2. Lupakan Email Dari Pelaku
Setelah tahu kalau itu bukan dari bank, Sebaiknya lupakan atau abaikan jika Anda pernah menerima email yang mencurigakan apalagi email spam. Karena seperti disebutkan di poin 1, bank selalu meminta nasabah melakukan pembaharuan hanya di kantor bank bukan melalui email.

3. Jangan Download Sembarangan
Hindari membuka atau mendownload attachment dari email yang tidak dikenal karena bisa saja saat mengklik open atau download, Anda sedang mendownload malware yang akan menginfeksi komputer atau gadget Anda. Malware adalah program yang didesain untuk duplikat data dan bisa terinstal di laptop Anda saat proses downoad selesai. Jika melakukan ini maka penjahat online yang mengirim malware tersebut dapat leluasa mengintip data-data pribadi Anda, termasuk data perbankan atau bahkan kartu kredit.

4. Jangan Pernah Menuruti Permintaan Data Melalui Email
Pastikan Anda mengetahui bentuk email standar dari bank yang Anda digunakan. Sehingga saat menerima email yang sedikit saja berbeda, dalam hal ini Anda harus lebih waspada. Tingkatkan kewaspadaan jika isi email meminta informasi pribadi atau ada embel-embel untuk melakukan pembaruan data, update account dan sebagainya. Kalau menerima dan tidak yakin itu email asli, segera konfirmasi ke pihak bank jika terdapat hal yang mencurigakan.
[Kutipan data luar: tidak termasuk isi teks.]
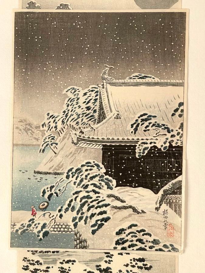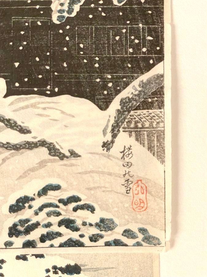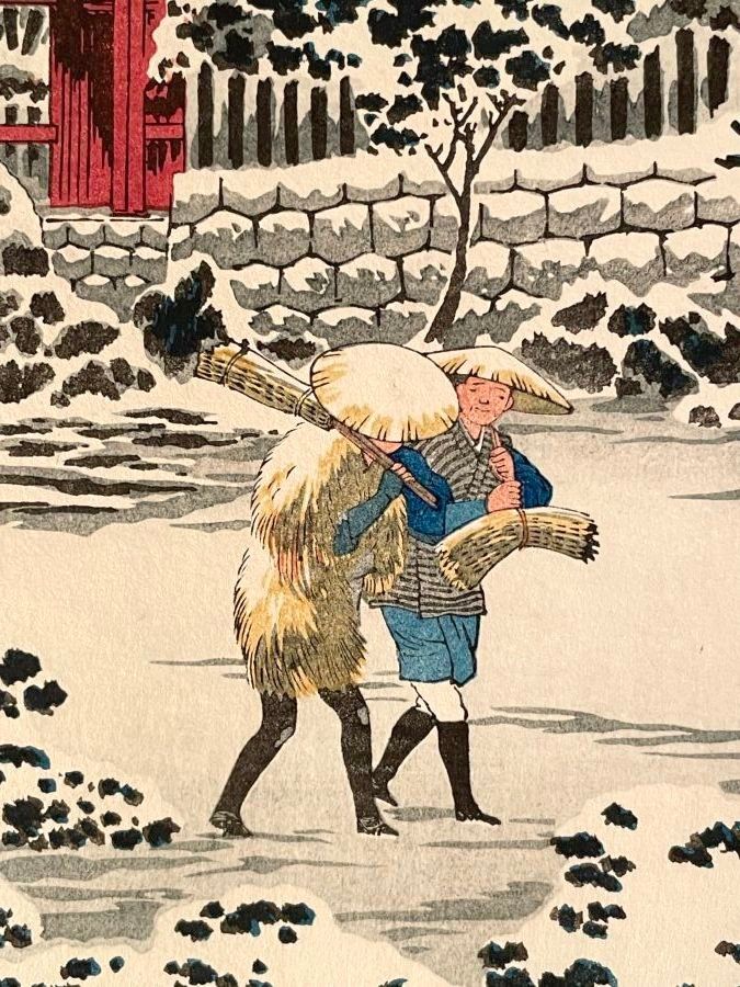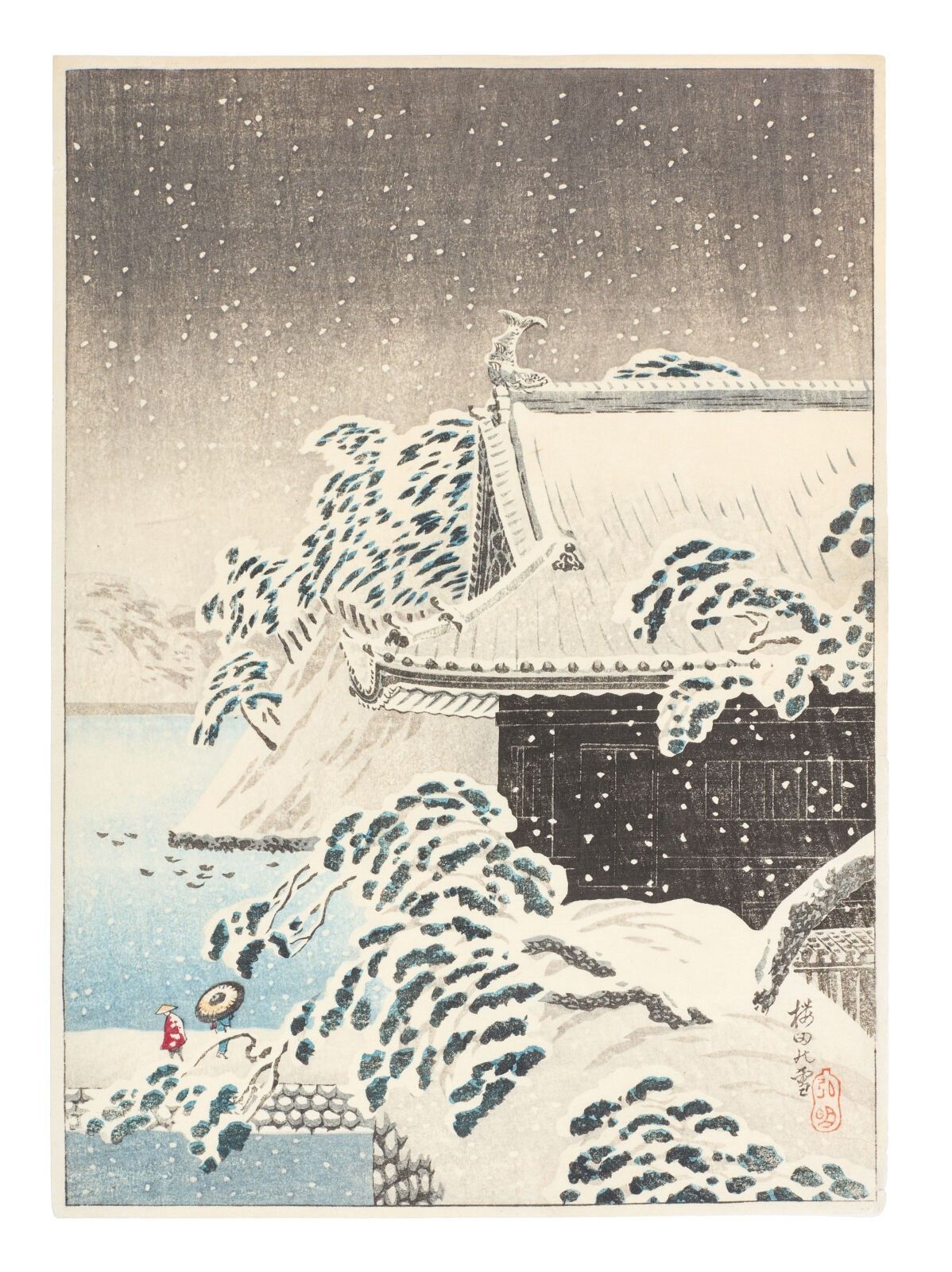 - Chuban tate-e, plate Sakurada mon yuki (桜田門雪) Snow at Sakurada Gate. Stamp of the artist Hiroaki. Circa 1930. Dim. 25,4 x 18,2 cm.

5. Ganti Password Secara Berkala
Lakukan secara berkala perubahan password internet banking secara teratur misalnya sebulan sekali. Lebih aman lagi jika anda menggunakan kombinasi huruf dan angka sedemikian sehingga password tersebut tidak mudah ditebak orang lain. Ingat dan jangan sampai Anda menyimpan password-password perbankan dalam bentuk tulisan apalagi jika sampai orang lain tahu.

6. Kembali Ke Poin Satu
Sekali lagi kami sebutkan kalau pihak bank tidak pernah meminta anda melakukan update data di luar kantor bank. Jangan mudah percaya jika ada yang menelpon “dari bank” dan meminta data-data pribadi Anda, apapun alasannya.

7. Kalau Terlanjur Memberi Data
Saat Anda baru sadar telah melakukan kesalahan dan berpotensi data pribadi Anda dicuri maka sangat dianjurkan untuk segera mengecek rekening sekarang dan memperhatikan setiap transaksi yang ada. Apakah semuanya sudah sesuai dengan  transaksi yang Anda lakukan atau apakah ada yang mencurigakan. Jangan lupa untuk segera menghubungi bank tempat Anda membuka rekening untuk melakukan proteksi yang dibutuhkan.

8. Ketika Uang Sudah Dicuri
Kalau mengalami hal ini, segeralah melapor ke bank. Biasanya mereka akan menyarankan Anda untuk membuat laporan di kantor polisi. Memang, penyelesaiannya terkadang membutuhkan waktu yang lama, bahkan uang Anda yang dicuru belum tentu kembali. Meskipun begitu, paling tidak Anda sudah menolong banyak orang. Sebab, ketika pelakunya tertangkap, tidak ada lagi yang menjadi korban.